RLVR Teacher Adaptation
Adapting the teacher with RLVR on the student’s distribution aligns the teacher’s outputs more closely with student prefixes, decreasing mismatch and boosting distillation efficacy even when teacher benchmark accuracy is not superior.


Figure 8: RLVR-adapted teacher and standard teacher comparison; adapted teacher distribution aligns more tightly with student distribution.
Supervised Fine-Tuning (SFT) Stabilization
SFT on teacher-generated traces regularizes the student’s output space, prevents degenerate token sequences, and ensures well-formed regions during OPD. This is particularly evident in cases where students initially generate non-semantic outputs or garbled sequences.


Figure 9: SFT regularization prevents collapse and length explosion, maintaining output consistency on alignment and safety tasks.
Analysis of Supervision Signal and Token Dynamics
Teacher supervision is found to be correctness-skewed and position-dependent: the supervision signal is stronger on incorrect trajectories and early tokens, gradually fading on correct answers and longer responses. PI and teacher model scale modulate the distribution of supervision, but fundamental signal quality is governed by teacher capability.

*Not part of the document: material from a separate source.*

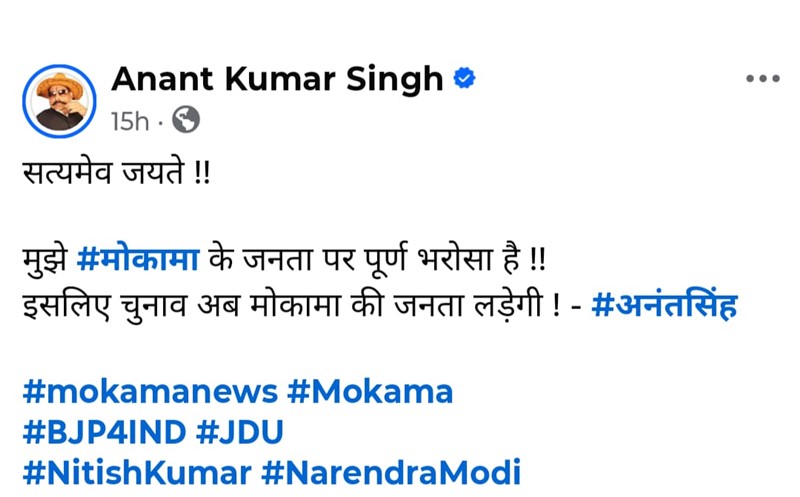 अनंत सिंह की गिरफ्तारी के बाद बिहार की सियासत में नया मोड़ आ गया है। इस बीच उनके आधिकारिक फेसबुक अकाउंट से एक पोस्ट सामने आई है जो सोशल मीडिया पर तेजी से वायरल हो रही है। अपनी पोस्ट में अनंत सिंह ने लिखा — “सत्यमेव जयते!! मुझे मोकामा की जनता पर पूर्ण भरोसा है!! इसलिए चुनाव अब मोकामा की जनता लड़ेगी!!”

Figure 10: Heatmap visualization of token-level supervision; PI refines granularity but teacher scale dictates overall distribution.

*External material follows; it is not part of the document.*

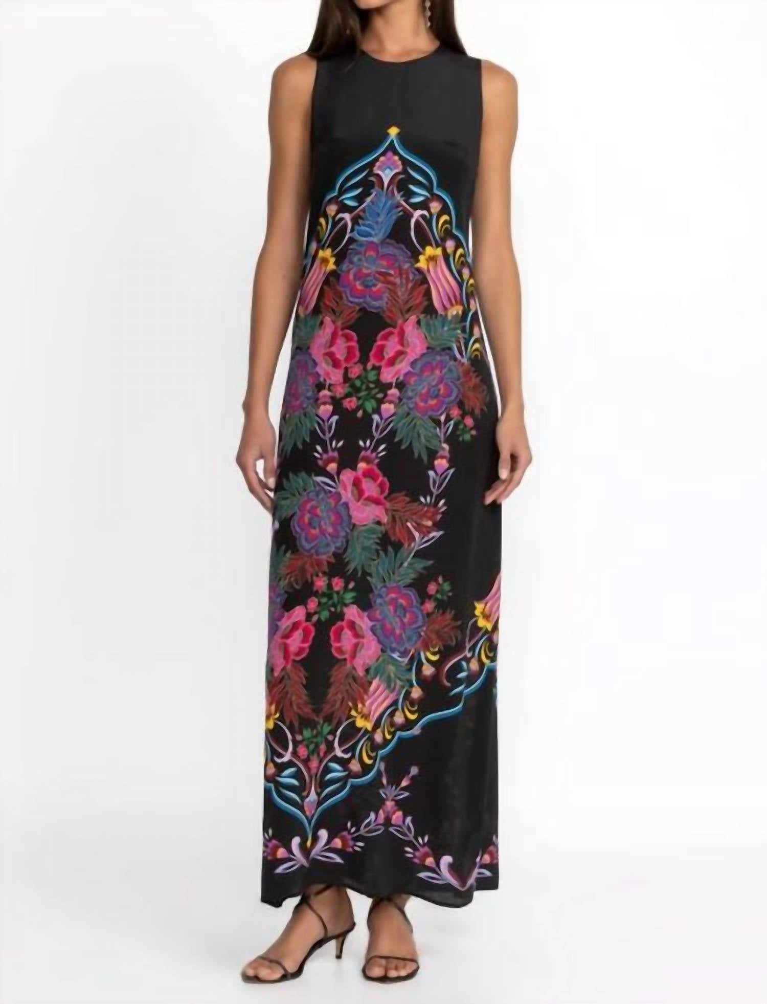 Um vestido longo que é tão fofo quanto confortável. O Vestido Longo Tatianna é uma peça deslumbrante adornada com um caleidoscópio vibrante de cores e estampas. Apresenta uma silhueta relaxada em corte A, confeccionada em uma mistura única de seda. Este vestido sem mangas tem decote redondo e costas abertas, tudo isso acentuado por um ousado desenho floral. Combine-o com sandálias e uma clutch vibrante para uma saída à noite com as amigas. 65% rayon 35% seda

Implications and Future Directions
The study conclusively establishes that OPD and OPSD are not universally reliable and their efficacy is contingent on task structure, teacher adaptation, loss formulation, and PI properties. The findings direct future research toward hybrid pipelines combining SFT initialization, RL task-specific optimization, and OPD distillation, potentially unlocking iterative self-improvement mechanisms for LLMs. The theoretical analysis further invites exploration in scalable distillation objectives and active teacher-student curriculum design to balance generalization and specialization.
Conclusion
"The Many Faces of On-Policy Distillation: Pitfalls, Mechanisms, and Fixes" provides a granular analysis of OPD and OPSD, revealing critical failure mechanisms and prescriptive remedies. Effectiveness is fundamentally constrained by teacher-student distribution compatibility, loss formulation, and privileged information structure. Stabilization via stop-gradient KL surrogates, RLVR adaptation, and SFT regularization ensures practical training stability and effective distillation. These insights lay the foundation for more robust post-training protocols and advances in dynamic LLM alignment, system internalization, and reasoning compression.